On another project in the Appalachian Basin, which involved sweet spot mapping in the Marcellus and Utica shales, NEOS undertook a multimeasurement geological and geophysical study over a four-county area of investigation in northwest Pennsylvania that spanned roughly 6,475 sq km (2,500 sq miles). The comprehensive interpretation involved integrating newly acquired airborne gravity, magnetic, electromagnetic (EM), radiometric and hyperspectral datasets with ground-acquired magnetotelluric and legacy seismic and well information.

It is commonly thought that the productivity of Appalachian reservoirs depends upon having abundant organic material, a suitable thermal regime (primarily related to burial depth of the shales) and localized natural fracturing. The project therefore initially focused on mapping variations in these properties. Well log and core data were analyzed to map total organic carbon variations. Gravity and magnetic data (calibrated by well and seismic information) were inverted to generate a series of 2-D structural cross sections and, ultimately, a regional 3-D model of the subsurface from which isopach and burial depth maps of the target shale horizons could be extracted. Lastly, magnetic, EM and seismic data were analyzed to identify zones of enhanced fault-induced natural fracturing.

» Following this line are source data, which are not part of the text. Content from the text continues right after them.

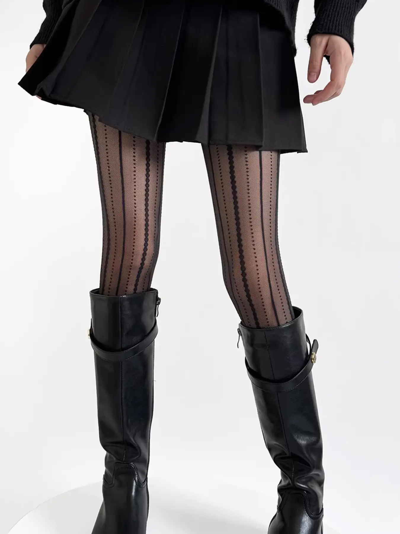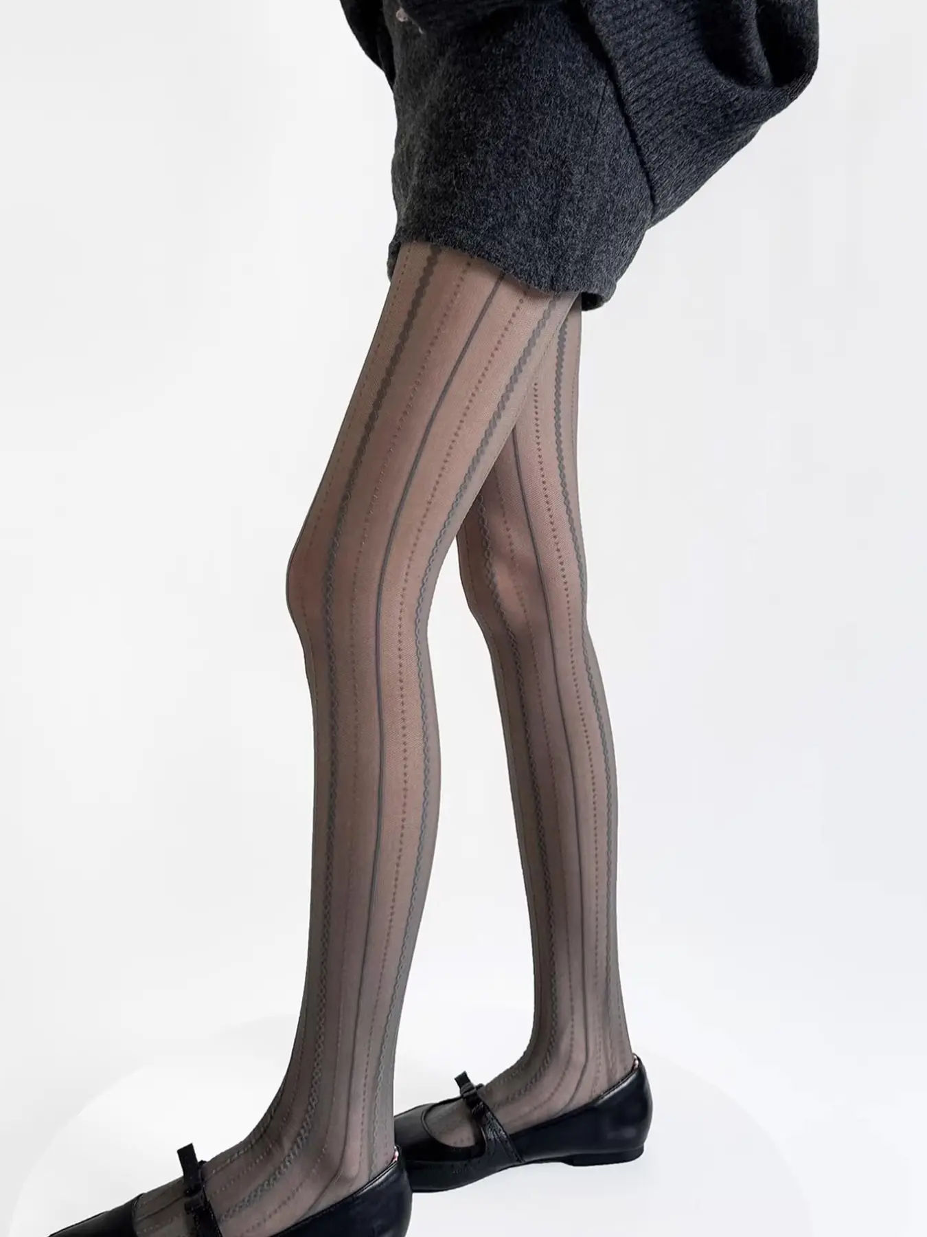 Legs Look Slimmer with Vertical Texture Stockings, High-Waist Plaid Design, Fashionable Slim-Fit Tights for All Seasons
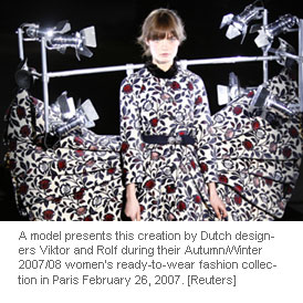 A model presents this creation by Dutch designers Viktor and Rolf during their Autumn/Winter 2007/08 women's ready-to-wear fashion collection in Paris February 26, 2007.
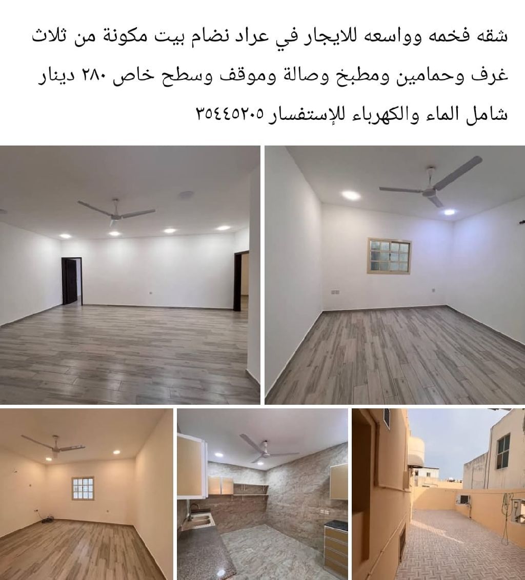 A luxurious and spacious apartment for rent in Arad, a house system consisting of three rooms, two bathrooms, a kitchen, a hall, a parking space, and a private roof. 280 dinars including water and electricity.
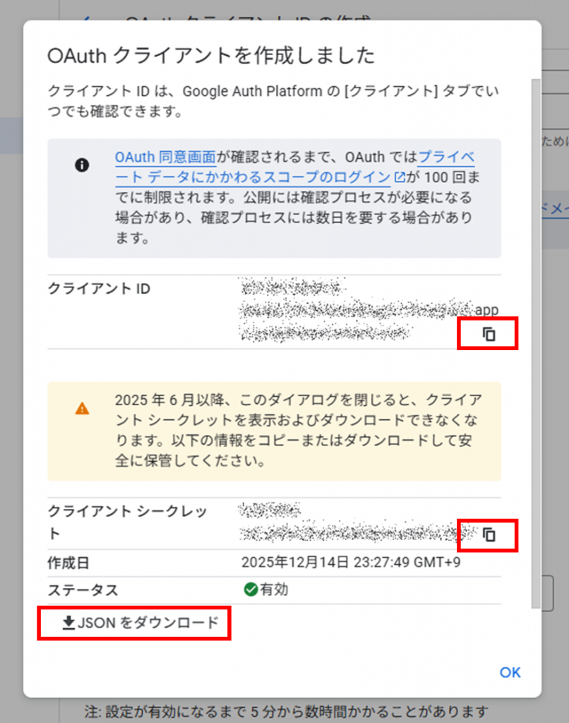このダイアログを閉じるとクライアントシークレットが表示できなくなるため、JSONをダウンロードして保管するか、クライアントIDとシークレットをコピーボタンでコピーし、厳重に保管します。誤って閉じた場合は、再度OAuthクライアントを作り直してください。
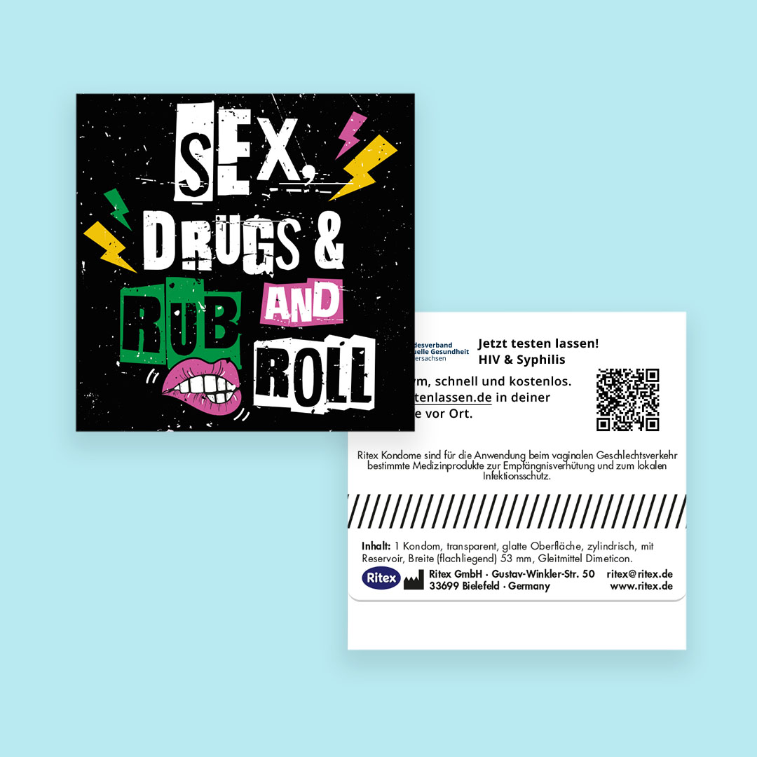 Ein auffälliges, festivalnahes Design der Präventionskampagne des Landesverbandes sexuelle Gesundheit Niedersachsen zum Hurricane Festival. Inspiriert vom alternativen Look des Festivals, wurde die Gestaltung auf Verhütungsmitteln, Merch-Artikeln und digitalen Inhalten umgesetzt.
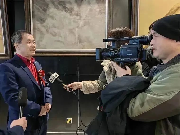 项目负责人、800cc全讯白菜网主站艺术学院院长马延岳在展区接受媒体采访
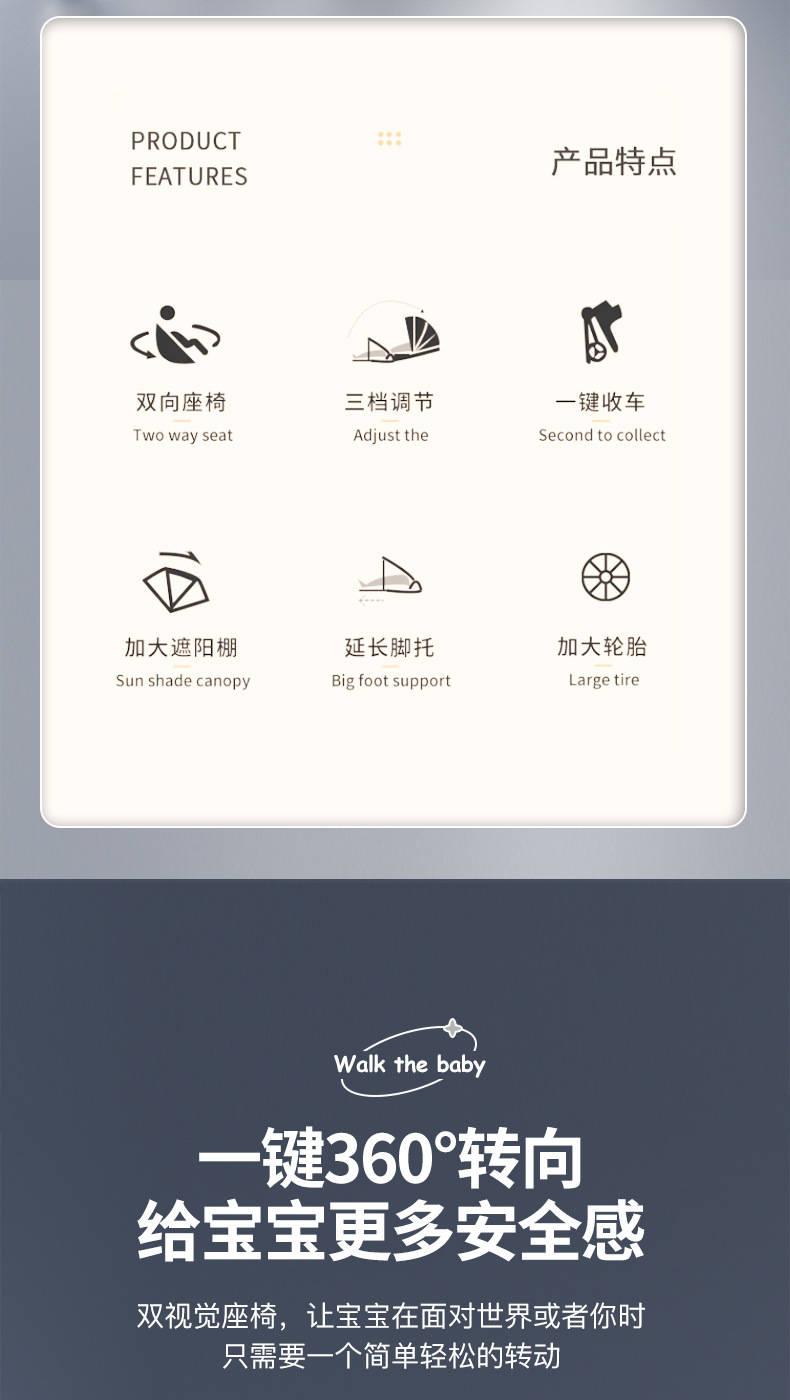 溜娃神器轻便可折叠双向可躺高景观遛娃带娃四轮宝宝婴儿手推车

FIGURE 2. Marcellus oil (green spots) and gas (red spots) production-proportionate circles are draped on a basement model. Basement composition and structure correspond to the Btu content of production. (Source: NEOS GeoSolutions)

Thermal profile

Adding to this list of factors, a chief geophysicist at one of NEOS’s clients speculated that changes in basement composition were altering the thermal profile across the area such that the normal “hotter with depth” linear relationship was no longer valid. He hypothesized that these changes in the region’s thermal profile were responsible for differences in production rates and especially the Btu content (i.e., liquids vs. gas) of the flowstreams obtained from newly drilled wells.

To test this theory, NEOS undertook an analysis of several multiphysics datasets, in particular, gravity, magnetic and EM, and applied workflows that included simultaneous joint inversions and Euler deconvolutions. The results, depicted in Figure 2, proved the hypothesis of this chief geophysicist: Compositional changes in the basement were in fact occurring and driving differences in the economic potential of the wells being drilled. The analysis suggested that a failed rift had developed across the area of investigation millions of years ago, introducing a new rock fabric with a different lithological makeup than the surrounding basement rock.

When the Marcellus Shale was subsequently deposited millions of years later, different portions of the source rock were subjected to different thermal regimes on an areal basis depending on where they were deposited, helping to determine whether wells subsequently drilled were more gas-rich or liquids-prone. As a consequence of this new insight, the project helped to better predict the flow rates and Btu content of newly drilled wells compared to more widely acknowledged geological and geophysical factors such as structural setting (e.g., burial depth or shale thickness) or acoustic attributes (e.g., brittleness, fracture density).

This isn’t to say that structural or acoustic insights aren’t valuable. But it does imply that a multiphysics approach, in which a variety of geophysical measurements are analyzed at depths of investigation ranging from the basement to the near surface, may provide a more constrained subsurface model and valuable set of related interpretive products than an approach that relies on only one or two geophysical measurements or properties.

These multiphysics projects are helping explorationists better understand the role that basement faulting might play in influencing sweet spot locations in unconventional shale reservoirs as well as the impact basement composition variations have on the relative liquids vs. gas content of the flowstreams from newly drilled wells.